Tuesday, March 16, 2010

Obama Education Plan

Obama has been very progressive with many major topics involving the reform for a better America but he hasn't really tackled education with the intensity he has used on the war or the health bill. On March 13, 2010, the Bush Administration handed him a bill to reform the education system and Obama is currently re-writing it and will be proposing it soon. Time Magazine listed some of the highlights

— By 2020, all students graduating from high school would need to be ready for college or a career. That's a shift away from the current law, which calls for all students to be performing at grade level in reading and math by 2014.

— Give more rewards — money and flexibility — to high-poverty schools that are seeing big gains in student achievement and use them as a model for other schools in low-income neighborhoods that struggle with performance.

— Punish the lowest-performing 5 percent of schools using aggressive measures, such as having the state take over federal funding for poor students, replacing the principal and half the teaching staff or closing the school altogether.

— Duncan has said the name No Child Left Behind will be dropped because it is associated with a harsh law that punishes schools for not reaching benchmarks even if they've made big gains.

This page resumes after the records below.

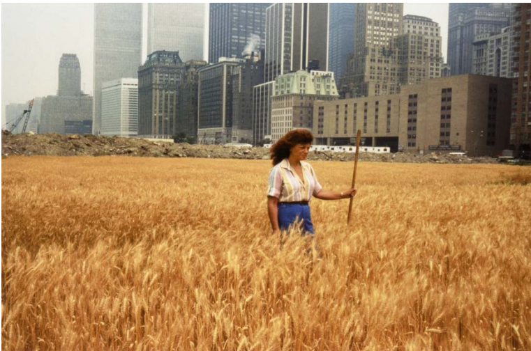
Agnes Denes (1931), Wheatfield – A Confrontation: Battery Park Landfill, Downtown Manhattan , 1982, C-Print, 40.6 × 50.8 cm, Courtesy of the artist, Leslie Tonkonow Artworks + Projects, New York and acb Gallery, Budapest

Kunstmuseum Solothurn Werkhofstrasse 30 CH-4500 Solothurn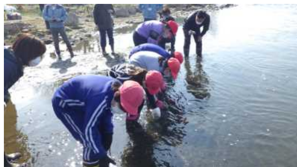
令和3年度の放流の様子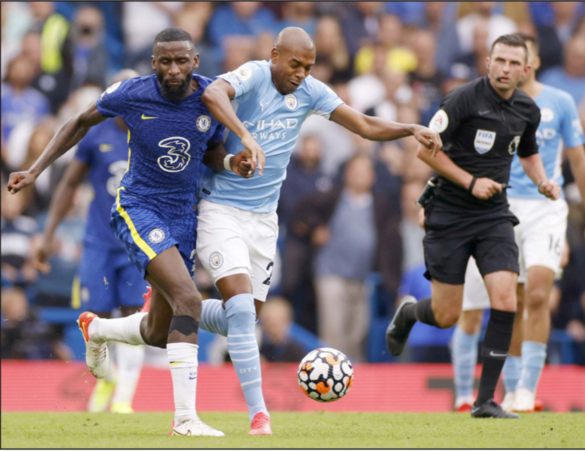
صراع مانشستر سيتي وتشلسي يتجدد اليوم في أبرز مباريات الجولة

He said the administration will work with Congress to come up with a new name.

Amy Wilkins, a vice president with The Education Trust in Washington, D.C., called the blueprint a "culture shift."

"One of the things America has not been clear about is what k-12 is supposed to do," Wilkins said. "In this, we're saying K-12 is supposed to prepare kids for college and meaningful careers."

Although I feel that like most politicians Obama will promise us more than he can actually give us, I still really like the idea of rewarding schools with success. It's planned that more than four billion dollars will be given to the education system, which hasn't been done in forty five years.